The FDA urged sponsors and investigators to evaluate any cybersecurity risks that could potentially impact the functionality of the device or pose a risk to patient privacy. Additionally, after collecting the data, the stakeholder must ensure that the data can be securely stored and transmitted.
“Sponsors should address the risk of potential disclosure of identifiable information via a breach of the DHT, general-purpose computing platform, or durable electronic data repository,” the draft advised.
Sponsors should also work with DHT manufacturers to modify end-user license agreements or terms of service for the purposes of the study, the FDA suggested. Typically, end-user licensing agreements allow the sharing of data with the manufacturer and other parties. However, when it comes to protected health information (PHI), data should only be shared with necessary parties.
The FDA also recommended that sponsors implement adequate security safeguards to secure data and prevent malicious parties from accessing PHI.
In addition to accounting for cybersecurity concerns, researchers also must be transparent about patient privacy and obtain informed consent. The informed consent process should clearly communicate details about data collection and use during and after the clinical investigation to the patient.

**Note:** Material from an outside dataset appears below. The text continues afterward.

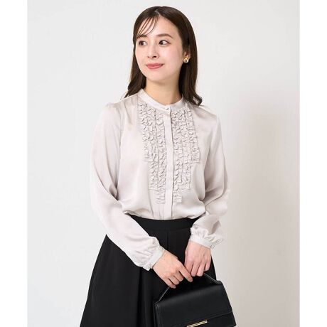 【小さいサイズ】フリルディティールサテンブラウス/洗える

“Where applicable, sponsors and investigators should ensure that the informed consent process explains to subjects that their data may be shared by the DHT or general-purpose computing platform manufacturer or third parties outside of the clinical investigation, according to the end-user license agreement or terms of service,” the draft continued.
“End-user license agreements and terms of service typically are lengthy and use complex terminology. Sponsors and investigators proposing use of DHTs for data collection should understand how such agreements or terms of service may affect trial participants and consider this information when developing informed consent documents.”
Developing new technologies, methods, and devices that can collect vast amounts of data may have the ability to revolutionize clinical research and care. However, the FDA’s guide provided yet another reminder that stakeholders should equally weigh the benefits of such technologies and the potential security and privacy risks.